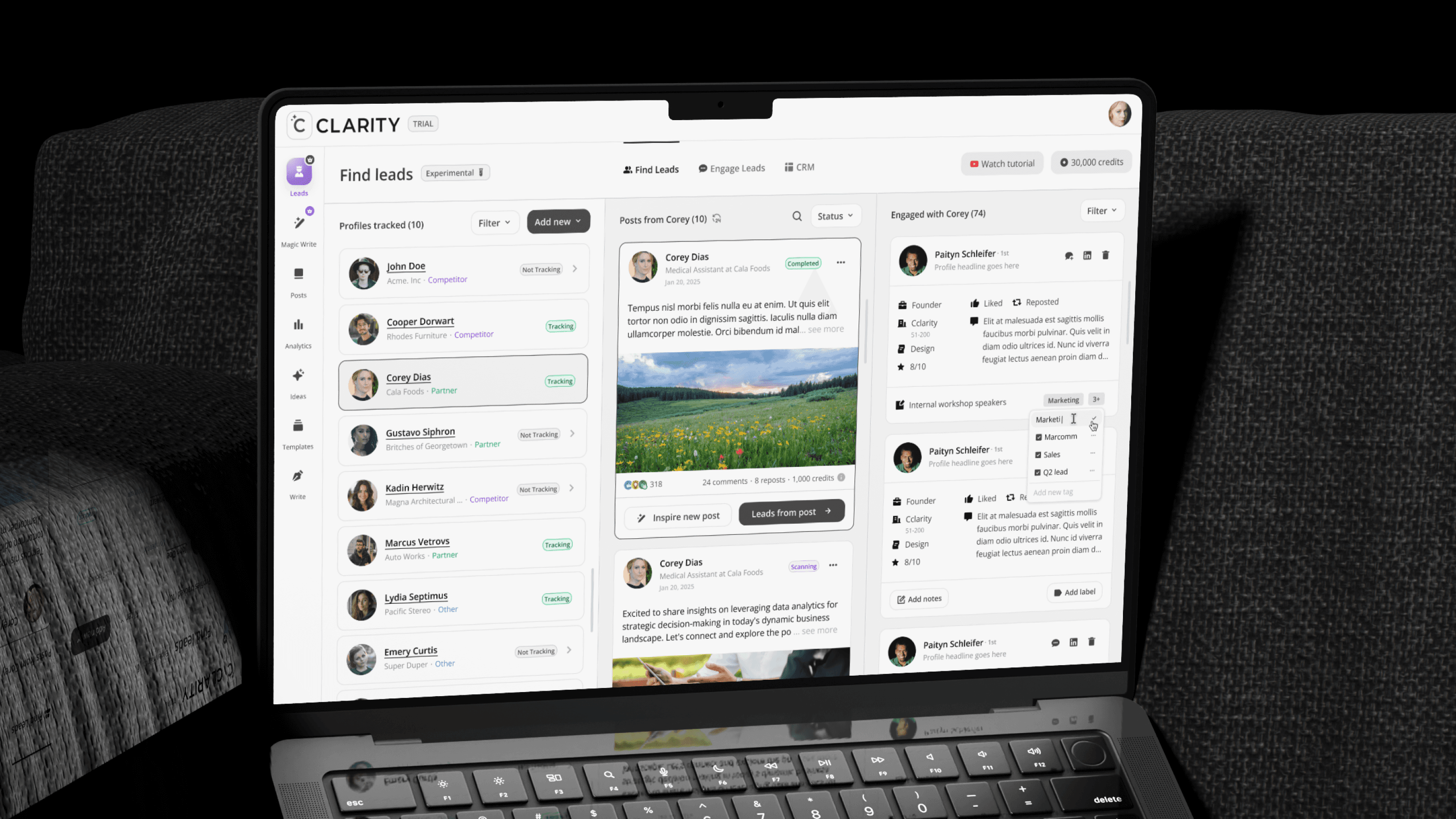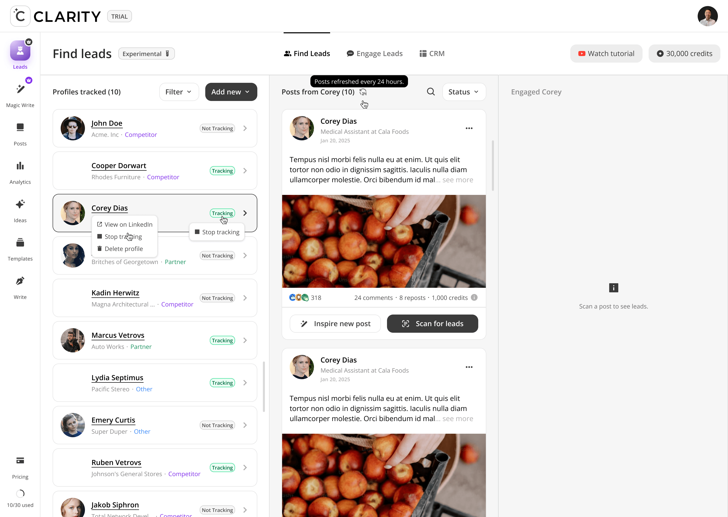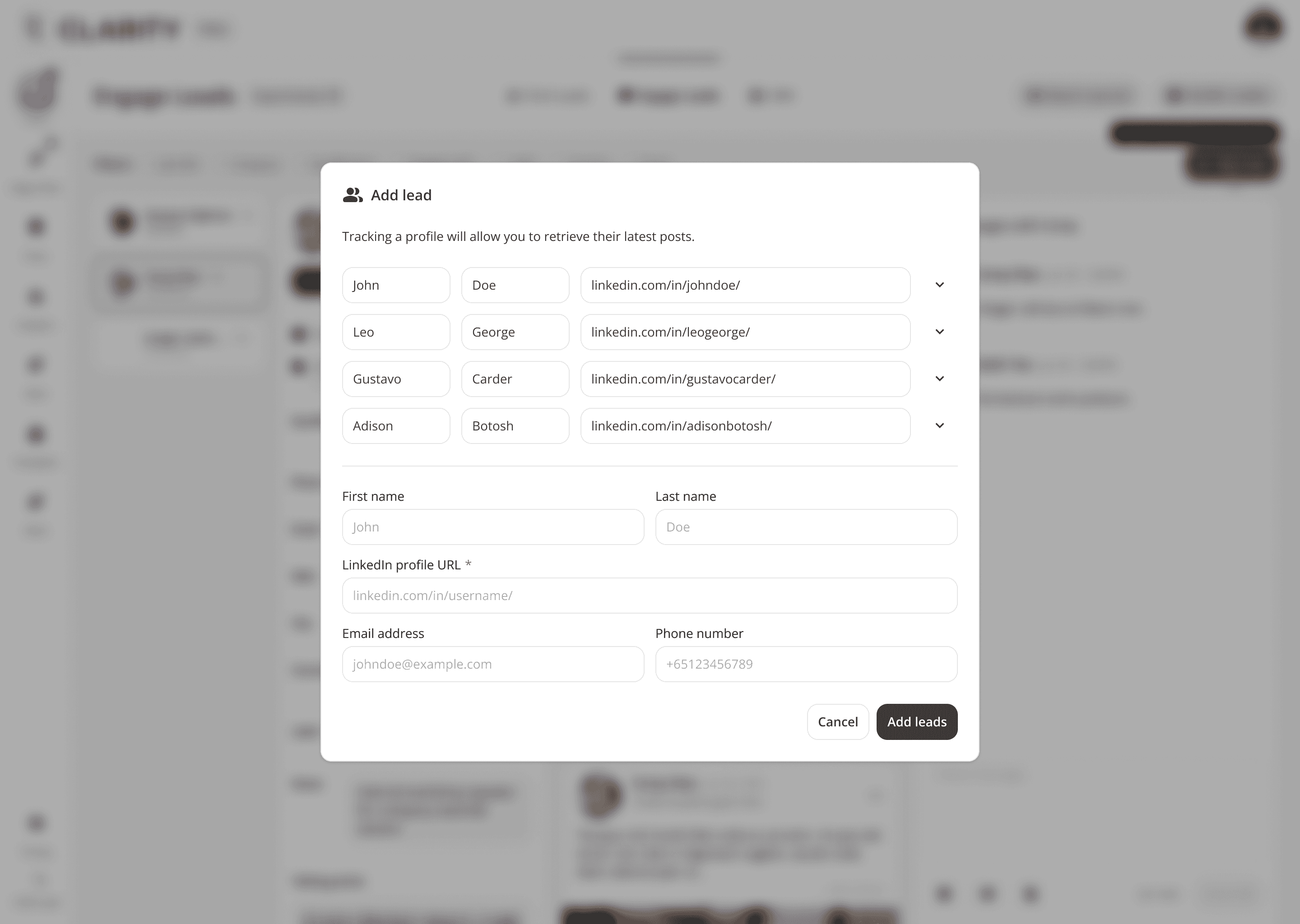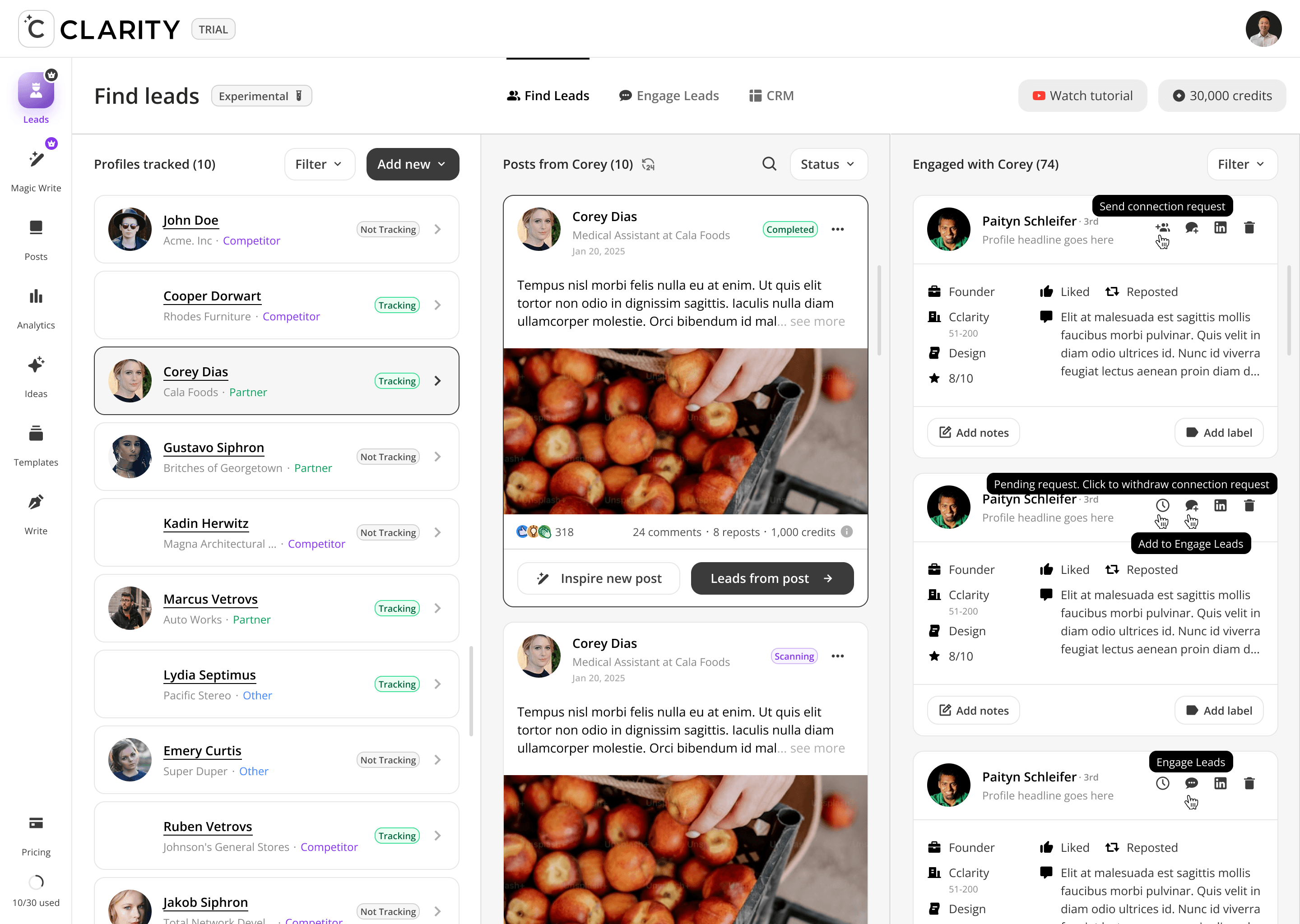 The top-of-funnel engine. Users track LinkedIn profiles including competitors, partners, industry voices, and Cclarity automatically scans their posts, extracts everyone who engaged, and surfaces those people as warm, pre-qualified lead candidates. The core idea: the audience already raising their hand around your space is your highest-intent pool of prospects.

--

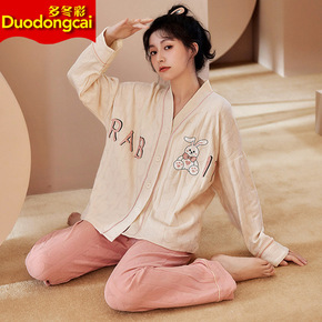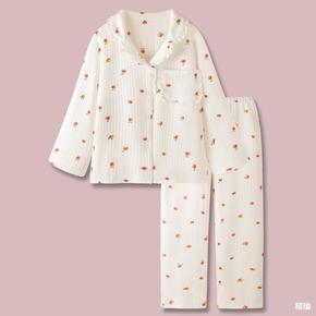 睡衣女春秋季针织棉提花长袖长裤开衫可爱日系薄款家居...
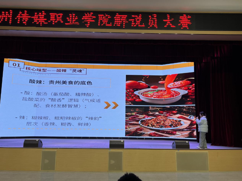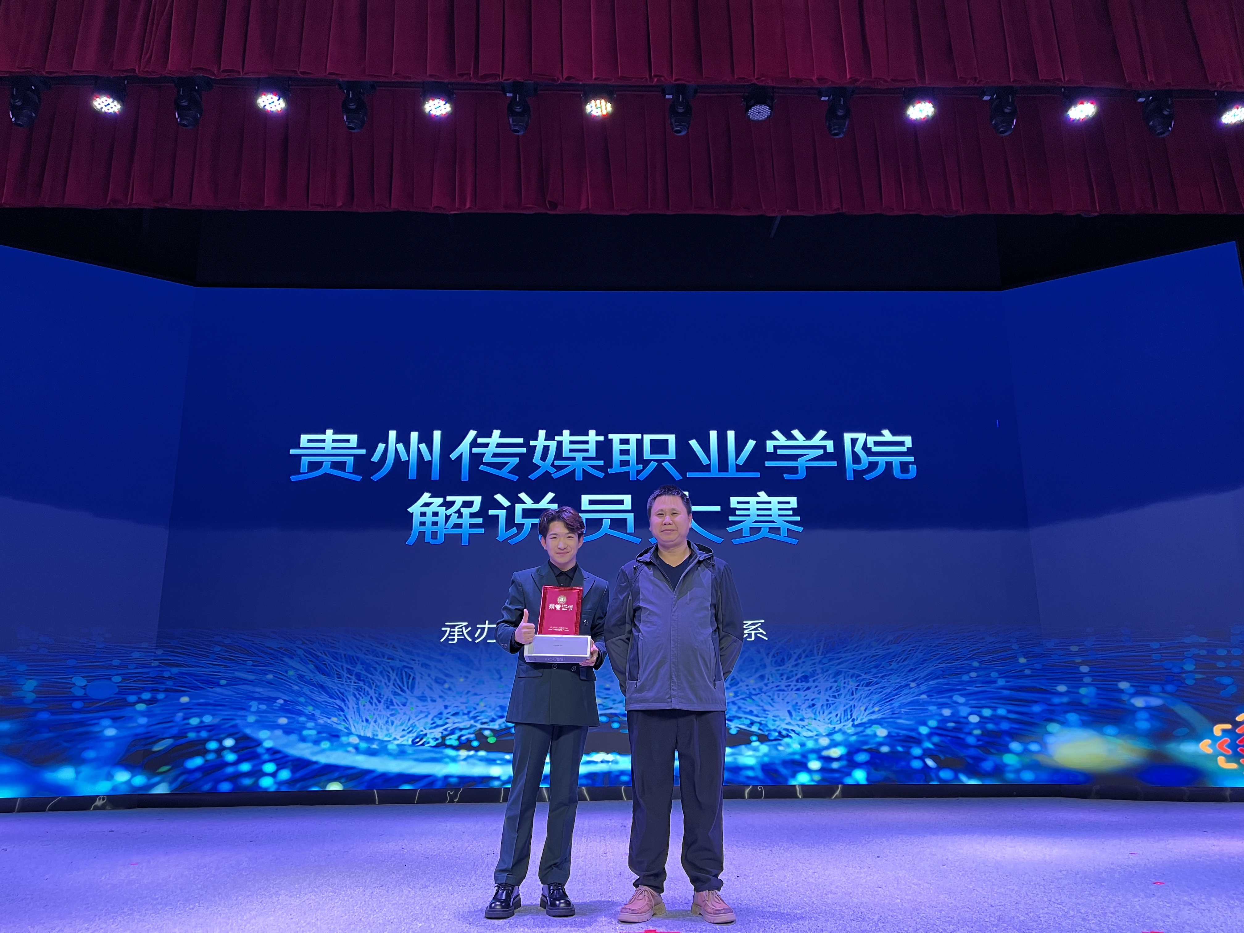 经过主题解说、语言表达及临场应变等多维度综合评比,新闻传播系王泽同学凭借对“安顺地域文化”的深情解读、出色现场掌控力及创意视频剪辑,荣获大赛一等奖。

Task directions
Repeat only the stretch of data above that runs from the line with "睡衣女春秋季针织棉提花长袖长裤开衫可爱日系薄款家居..." to the line with "经过主题解说、语言表达及临场". Keep both end lines; exclude pictures.

Reply to the task
 睡衣女春秋季针织棉提花长袖长裤开衫可爱日系薄款家居...
 经过主题解说、语言表达及临场应变等多维度综合评比,新闻传播系王泽同学凭借对“安顺地域文化”的深情解读、出色现场掌控力及创意视频剪辑,荣获大赛一等奖。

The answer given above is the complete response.